The core logic: if both groups were on similar trajectories before the intervention, then any divergence afterward can be attributed to the treatment. This is what makes the parallel trends assumption so central to the whole approach.

Setup for DiD

DiD requires data on both treatment and control groups, observed both before and after the intervention. This can come from either panel data (same units tracked over time) or repeated cross-sections (different samples from the same populations at different times).

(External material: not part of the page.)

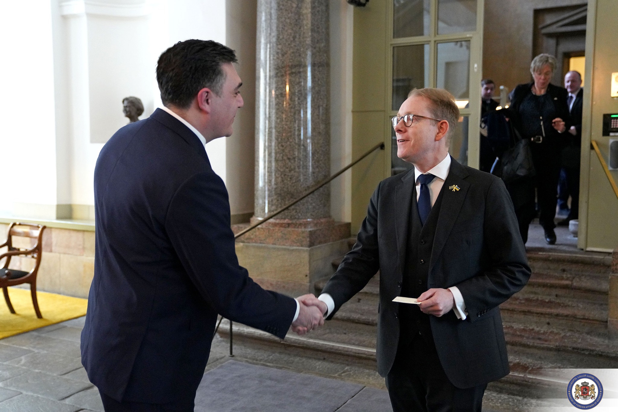 შვედეთის სამეფოში ვიზიტის ფარგლებში, საქართველოს საგარეო საქმეთა მინისტრს შვედმა კოლეგამ უმასპინძლა. საქართველოს საგარეო უწყების ინფორმაციით, ილია დარჩიაშვილმა და ტობიას ბილსტრომმა მიმოიხილეს ორ ქვეყანას შორის არსებული მჭიდრო მეგობრული ურთიერთობები, თანამშრომლობის მიმდინარე დღის წესრიგი და მისი გაღრმავების შესაძლებლობები.

The treatment group is exposed to the intervention at a specific point in time
The control group remains unexposed throughout the study period
The outcome variable is measured for both groups at baseline (pre-intervention) and follow-up (post-intervention)

Parallel Trends Assumption

This is the assumption that makes or breaks a DiD design. It states that, in the absence of treatment, the average change in the outcome would have been the same for both groups. In other words, the control group's trajectory serves as the counterfactual for what would have happened to the treatment group had they not been treated.

You can never directly test this assumption (because you can't observe the counterfactual), but you can assess its plausibility by checking whether the two groups followed similar trends in the pre-intervention period. If they were already diverging before the treatment, your DiD estimate is likely biased.

DiD Estimation

The DiD estimator isolates the treatment effect by taking a "difference of differences": the before-after change in the treatment group, minus the before-after change in the control group. This double-differencing removes both fixed group differences and common time shocks.

Simple Two-Period DiD

In the simplest case, you have two groups and two time periods. The estimator is:

$\hat{\tau}_{DiD} = (\bar{Y}_{Treatment, Post} - \bar{Y}_{Treatment, Pre}) - (\bar{Y}_{Control, Post} - \bar{Y}_{Control, Pre})$

where $\bar{Y}$ is the average outcome for each group-period cell.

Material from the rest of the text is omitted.